What is Art?

Fantasy is in the eye of the beholder.
A state of mind. It’s what you get in what you see.

Art is what we call the thing an artist does. It’s not the medium or the oil or the price or whether it hangs on a wall or you eat it. What matters, what makes it art, is that the person who made it overcame the resistance, ignored the voice of doubt and made something worth making. Something risky. Something human. Art is not in the eye of the beholder. It’s in the soul of the artist.
– Seth Godin

Intent and Interpretation

When I release my work into the world, I’m constantly amazed by how differently each viewer interprets and responds to the same image. I’ll create a photograph thinking it conveys one specific message, only to discover through feedback and conversations that recipients see layers of meaning I never intended. This disconnect fascinates me because it reveals how my art becomes a collaborative experience – I provide the visual foundation, but the viewer brings their own experiences, emotions, and cultural background to complete the narrative in their own mind.

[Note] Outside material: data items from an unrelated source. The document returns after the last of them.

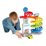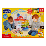 El Parking Turbo Touch de Chicco es un parque de coches de juguete diseñado para los vehículos Turbo Ball de la marca. Cuenta con cuatro niveles y toboganes que permiten a los coches deslizarse hacia abajo. Incluye un coche Turbo Ball, fabricado en plástico.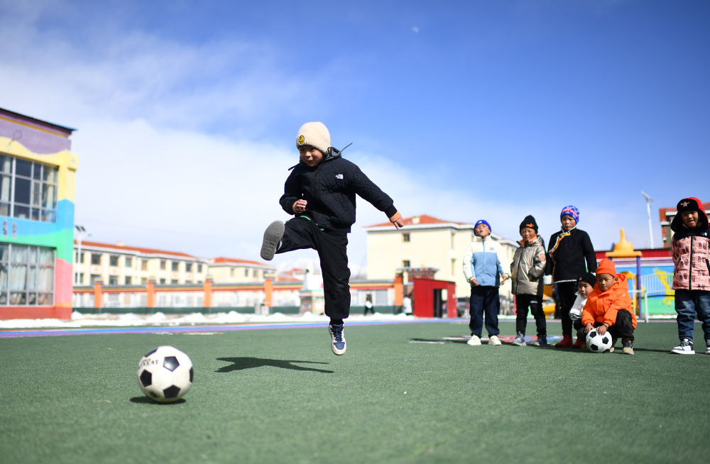 3月1日,在玉樹(shù)州治多縣,城南幼兒園小朋友桑周尼瑪(前)在練習(xí)射門。新華社記者 張宏祥 攝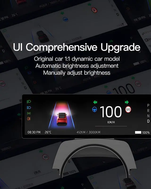 Compatible Models8.8 inch Smart LCD displayexclusive to 2024-2025 Highland model 3.The original instrument data Carplay, The Ul is fully upgraded and echoesthe style of the original car. The brightness of the instrument screen automaticallysynchronizes with the brightness of the original screen,or you can adjust the brightness manually.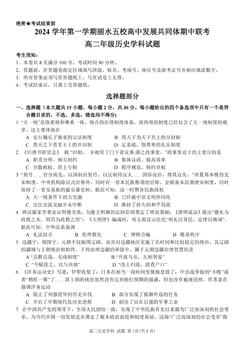 丽水五校高中发展共同体2024学年高二第一学期期中联考 历史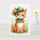 This design shows an anthropomorphic ginger kitten centered in the scene, looking straight ahead with luminous emerald-green eyes that feel like they’re holding a tender gaze for someone special 💚. It wears a forest-green bowler hat decorated with small red and peach flowers tucked among green leaves, echoing the kitten’s eye color. A matching ruffled collar circles its neck, giving it a dressed-up look that reads like a friendly date or a sweet meeting in the park. The fur is orange and white with soft striping, and the tiny pink nose and faint smile add a gentle, affectionate expression. The background is a light green wash that suggests a quiet meadow, with a few tiny white blossoms and thin blades of grass scattered around. St. Patrick’s Day text sits near the top in green lettering, with a smaller line below in a softer green, and a little ☘️ accent nearby. Light green tones spread outward behind the kitten, with delicate white flowers dotting the lower area like confetti across the grass.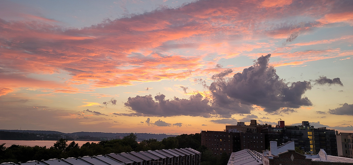 What caught my attention was the way the pink-purple clouds were drifting southwest towards the Verrazano Bridge - along the way crossing paths with the dark clouds moving north towards Manhattan. I had never seen clouds move in opposite directions like that.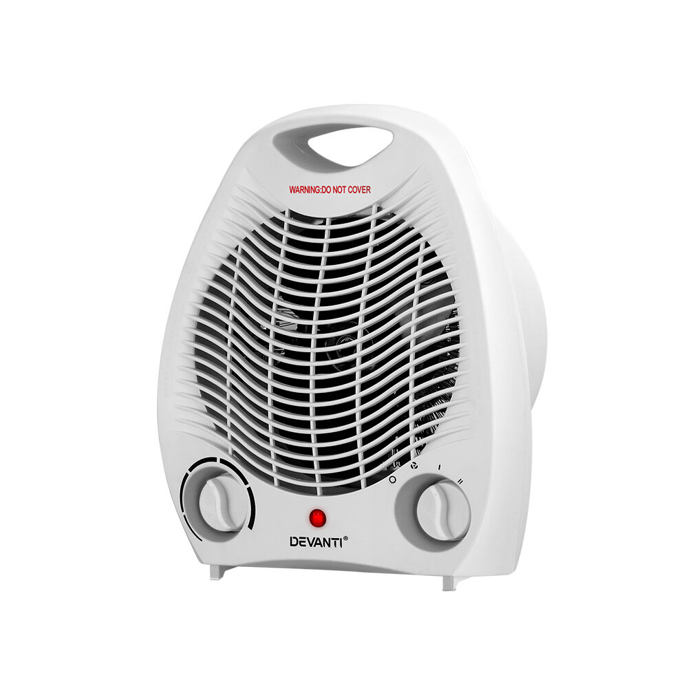 Need a little extra heating to get through winter? The Devanti Fan Heater is here to solve your winter blues. With its high-quality rapid electric wire heating element and fan system, the heater will have you warm in no time at all. It has two heat settings and three unique modes (cool, warm and hot) so you are always at the perfect temperature. Its compact design will fit anywhere from your living room to under your desk, and it features a convenient handle to easily carry your heater from room to room. The thermostat control knob helps you view and maintain the desired temperature. Best of all, the heater has built-in safety features such as a safety cut-off switch in case of tipping and overheating protection. For maximum comfort and warmth through the winter months, you can not go wrong with a Devanti Fan Heater.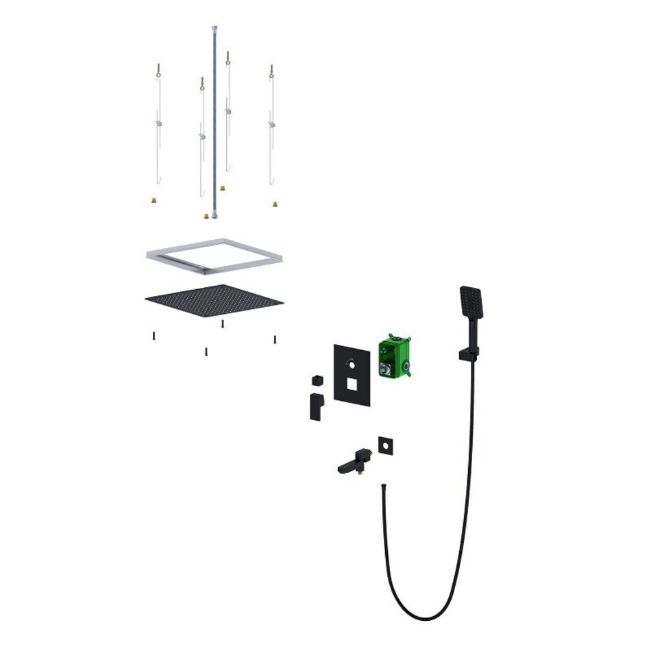 - Душевая система скрытого монтажа с квадратной лейкой в стиле модерн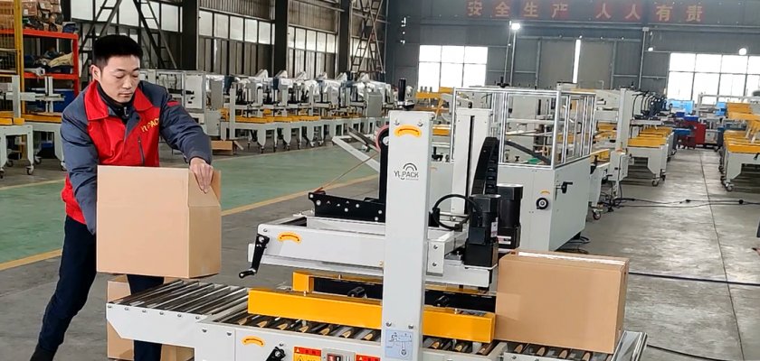 ?此封箱機(jī)可封較窄、較高紙箱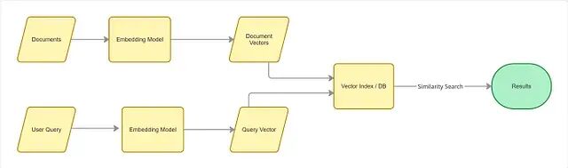 不再比较字面上的词而是比较含义。把文档和查询都转换成数值向量(Embedding),这些向量编码了语义信息。即使两段文本用词完全不同,只要意思相近,它们的向量在空间中就会彼此靠近。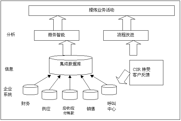 分析型CRM,也著稱為“后臺(tái)”或“戰(zhàn)術(shù)”CRM。用來分析理解發(fā)生在前臺(tái)的客戶活動(dòng)。分析型CRM需要技術(shù)(編譯和處理大量的客戶數(shù)據(jù),以便于分析)和新的業(yè)務(wù)流程(提煉面向客戶的業(yè)務(wù),以提高忠誠(chéng)度和利潤(rùn)率)。在分析師和業(yè)界專家的推動(dòng)下,如今大多數(shù)CRM供應(yīng)商,或者創(chuàng)造分析型CRM能力,或者與商務(wù)智能(BI)供應(yīng)商合伙,合作分析他們的數(shù)據(jù)。圖2表明了數(shù)據(jù)和流程如何用來提煉業(yè)務(wù)活動(dòng)。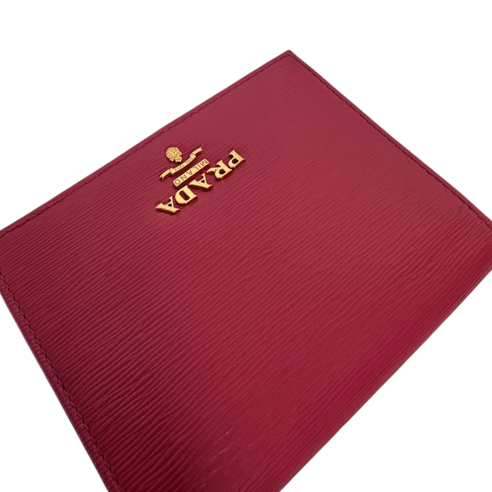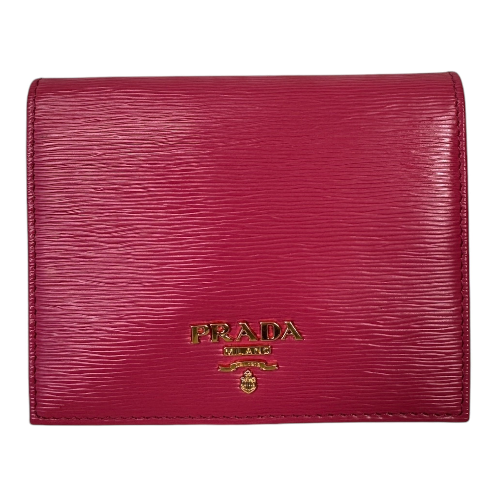 Elevate your accessory game with the PRADA Pink Saffiano Leather Bi-Fold Wallet, where luxury meets functionality.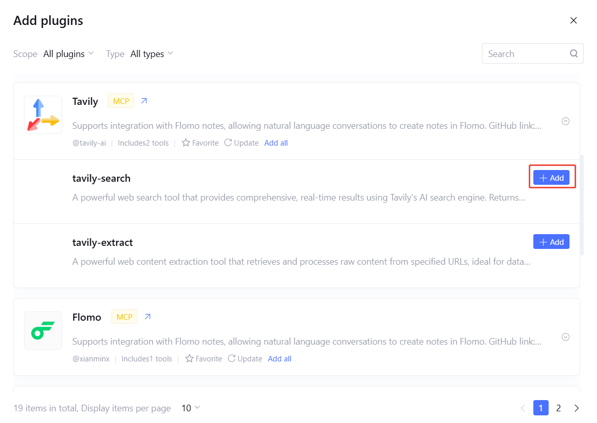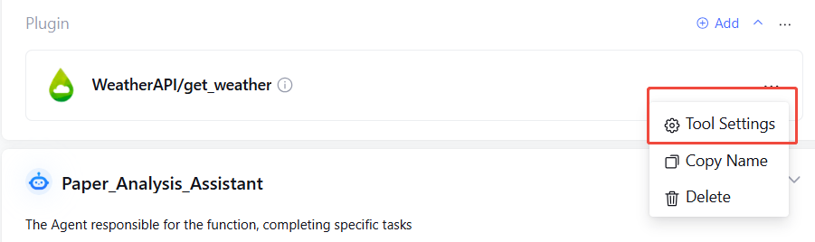 Tool support for configuring parameters. After adding a plugin, click Tool Settings.

I’ve learned that my graphic designs often serve as catalysts for conversations and decisions I never anticipated. A poster I created for a local event might inspire someone to volunteer for the first time, or an infographic I designed about mental health might give someone the courage to seek therapy. What strikes me is how recipients often take my visual work and extend it beyond its original purpose, using it as a springboard for personal growth or community action that far exceeds my initial intentions.

The most rewarding aspect of my practice is witnessing the delayed impact my work has on people’s lives. Recipients will reach out months or even years later to tell me how a particular image influenced a major life decision or helped them through a difficult period. These responses teach me that as an artist, I’m not just creating visual content – I’m contributing fragments to people’s personal narratives, providing them with visual tools they can return to when they need inspiration, comfort, or courage to see their world from a new angle.